Many students, especially those who are poor, intuitively know what the schools do for them. They school them to confuse process and substance. Once these become blurred, a new logic is assumed: the more treatment there is, the better are the results; or, escalation leads to success. The pupil is thereby “schooled” to confuse teaching with learning, grade advancement with education, a diploma with competence, and fluency with the ability to say something new. His imagination is “schooled” to accept service in place of value. Medical treatment is mistaken for health care, social work for the improvement of community life, police protection for safety, military poise for national security, the rat race for productive work. Health, learning, dignity, independence, and creative endeavor are defined as little more than the performance of the institutions which claim to serve these ends, and their improvement is made to depend on allocating more resources to the management of hospitals, schools, and other agencies in question.

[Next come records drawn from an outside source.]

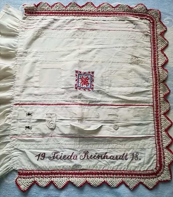 Frieda hat im Jahr 1918 als Teenie, vermutlich in der Schule ihr komplettes Handarbeitswissen in einem Stück Stoff von ca 50x50 cm verewigt.
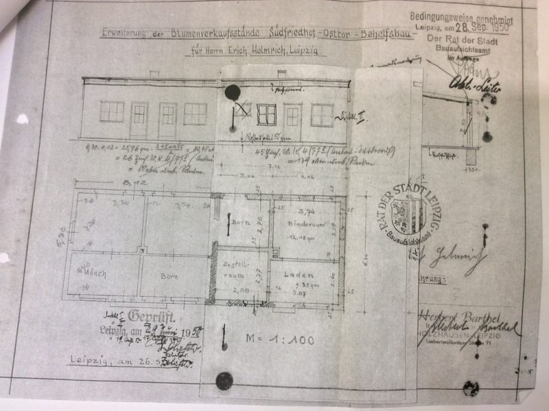 Am 28.9.1950 erhielt Herr Erich Helmrich vom Bauaufsichtsamt Leipzig die Baugenehmigung.
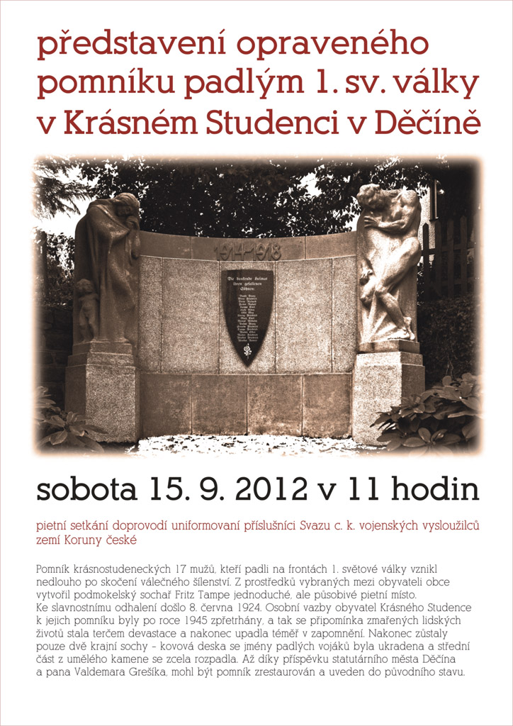 Rubriky Kultura Zprávy Odhalení pomníku padlým z 1. světové války v Krásném Studenci Autor příspěvku Autor: aleso Datum příspěvku 12/09/2012 Slavnostní odhalení opraveného pomníku padlým z 1. světové války v Krásném Studenci 15. 9. 2012 v 11:00. Sdílejte:Share Click to share on Facebook (Opens in new window) Facebook ← Nábor mládeže a cheerleaders → Události MP Děčín
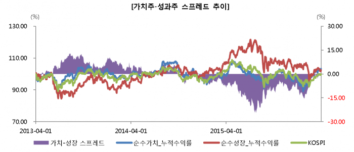 성장주펀드에서 가치주펀드에 대해 수익성과가 양호해지고 있지만 투자자들이 가치주펀드로 갈아타기보다는 특정펀드 집중보다는 포트폴리오 차원으로 접근해야 한다는 의견이 대부분이다.
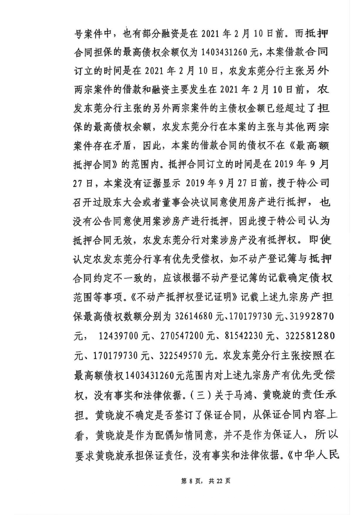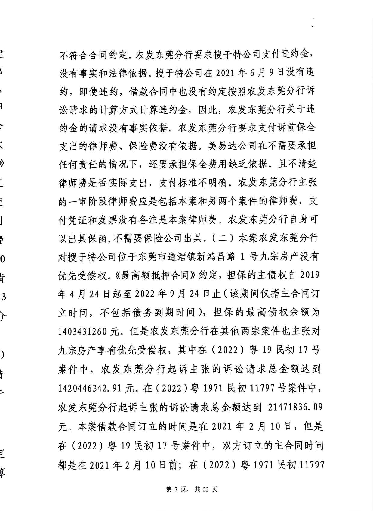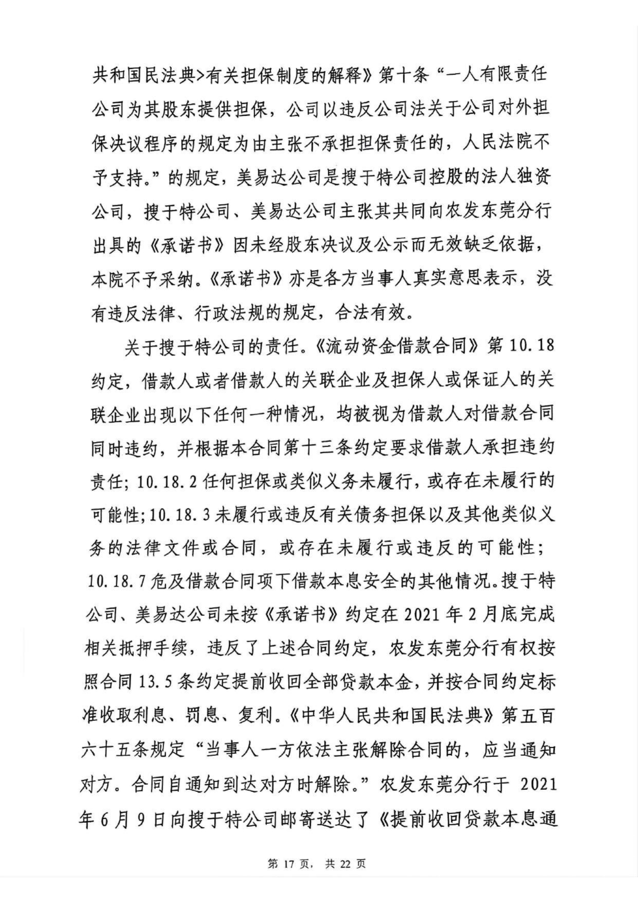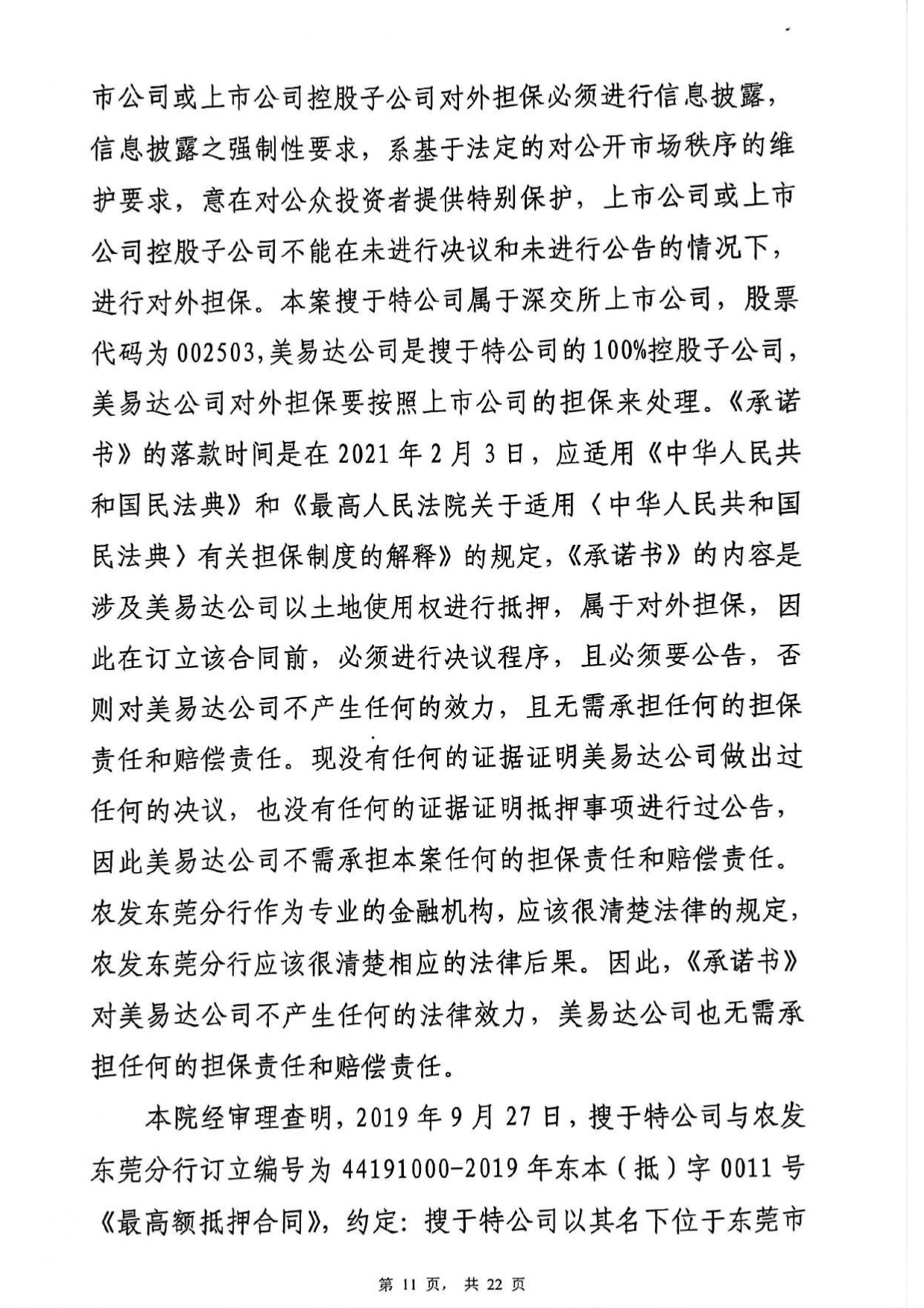 此判决后 搜特转债募投项目所在子公司美易达不服上诉至广东省高院,省高院依然判决 要搜特转债募投项目所在子公司美易达在该土地价值范围内承担赔偿责任!吴砝吴添! 至今 以上2个该判决仍然未见在裁判文书网公开!
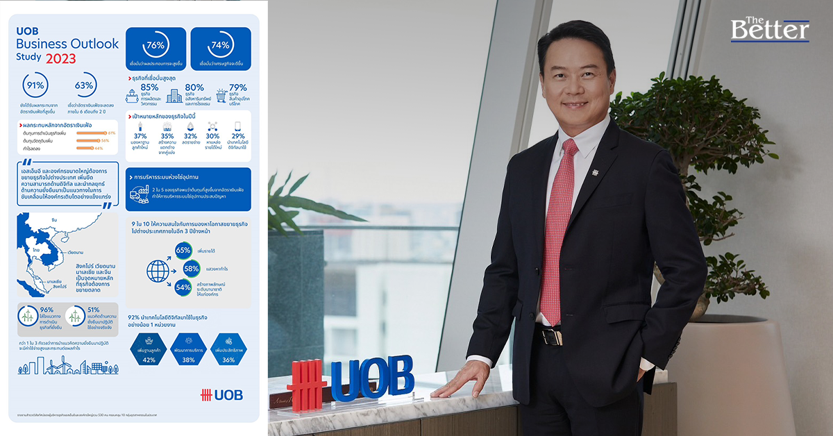รายงาน UOB Business Outlook Study 2023 (SME& Large Enterprises) ที่จัดทำโดยธนาคารยูโอบีเผยธุรกิจเอสเอ็มอีและบรรษัทขนาดใหญ่เชื่อมั่นเศรษฐกิจไทยฟื้นตัว รายงานสำรวจความเชื่อมั่นทางธุรกิจ เทรนด์ธุรกิจและกลยุทธ์หลักที่บริษัทชั้นนำของประเทศไทยใช้เป็นแนวทางหลักในการขับเคลื่อนการดำเนินธุรกิจให้เติบโตหลังการแพร่ระบาดของโรคโควิด-19
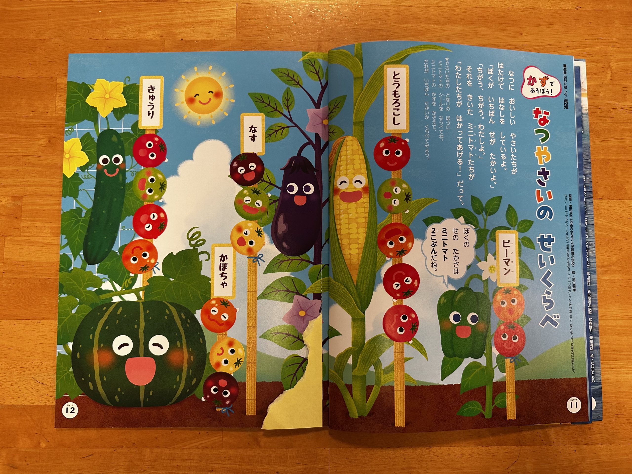 「え、きゅうりってトマト〇個分なんだって!」「かぼちゃ大きいけど、トマト少ないね。」
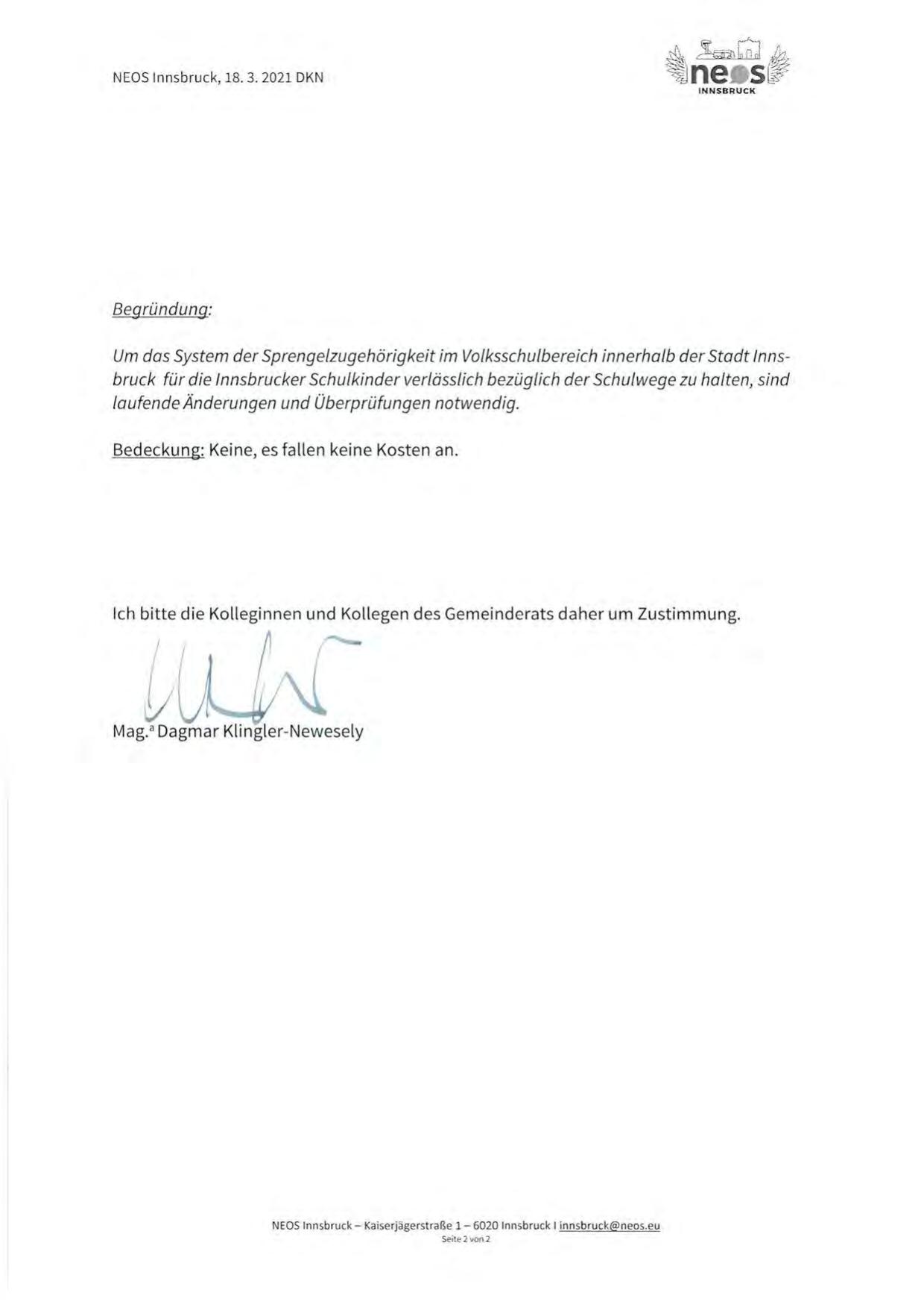 Um das System der Sprengelzugehörigkeit im Volksschulbereich innerhalb der Stadt Innsbruck für die lnnsbrucker Schulkinder verlässlich bezüglich der Schulwege zu halten, sind
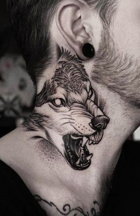 - Tatuaż na szyi z tą dziką bestią nawiązuje do pierwotnych instynktów, męskości, a także do idei materializmu. Wilki symbolizują wrodzoną wolność, która jest także fundamentalna dla człowieka i często determinuje jego osobowość. Ten tatuaż jest ucieleśnieniem wielkiej siły mężczyzny, lojalności i połączenia z naturą. Dodając do szkicu księżyc, drzewa, symbole plemienne lub runiczne, możesz stworzyć prawdziwy gobelin na szyi, który opowie światu osobistą historię i wartości jego właściciela.
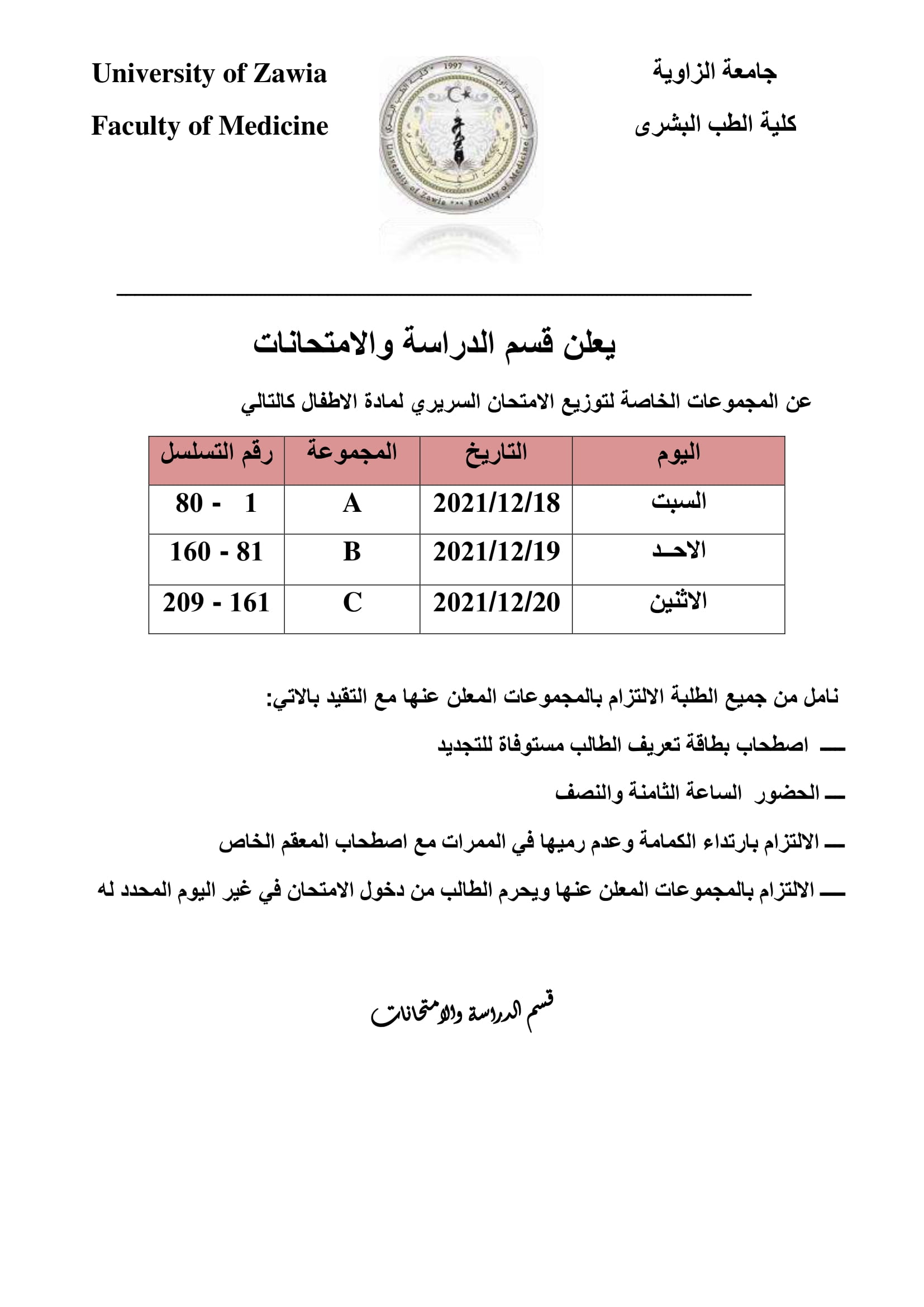 تقسيم المجموعات للإمتحان السريري والشفهي لـمـادة الباطنة للسنة الخامسة الدفعة 14 والتكميلي.

This gets me back to thinking about the relentless discussion about social media. Of course the market is buzzing like flies trying to work out how to monetise “Social Media” – yet few are digging into and asking the really important question…

WHY?

We as a species are on a quest to simplify and add a degree of structure and control to our lives

And rediscover our role in society. Because as individuals that are part of, and belong to a bigger whole, we wonder; why?

Or in other words I+WE= WHY?

‘I’ needs ‘We’ to be truly ‘I’ Jung argued. True individualism is necessarily social, though it is not obvious, however, what ‘social’ implies or what our relations are or should be to our fellow citizens. Apparently 63% of Americans declared themselves unconcerned with others, they may be missing something says Handy.

I suggest, that rather than fiddling around in the sandbox we raise our eyes and minds upwards and yearn for the vast endless sea of possibility of what our society could be beyond the confines of Straight Line inflexible thinking – and tinkering around with a few tools that we call social media – whereas Howard Rheingold rightly described as Technologies of Cooperation. Yet no-one uses this terminology. What you call things is important if not critical. We need a new language and framework to enable to succeed as a society and put commerce in its rightful place within the fabric of that society.

We need a system reboot into a new paradigm. We need an Enlightenment for the 21st Century, Richard Sennett wrote that we want to,

recover something of the spirit of the Enlightenment on terms appropriate to our time. We want the shared ability for work to teach us how to govern ourselves and to connect to other citizens on common ground.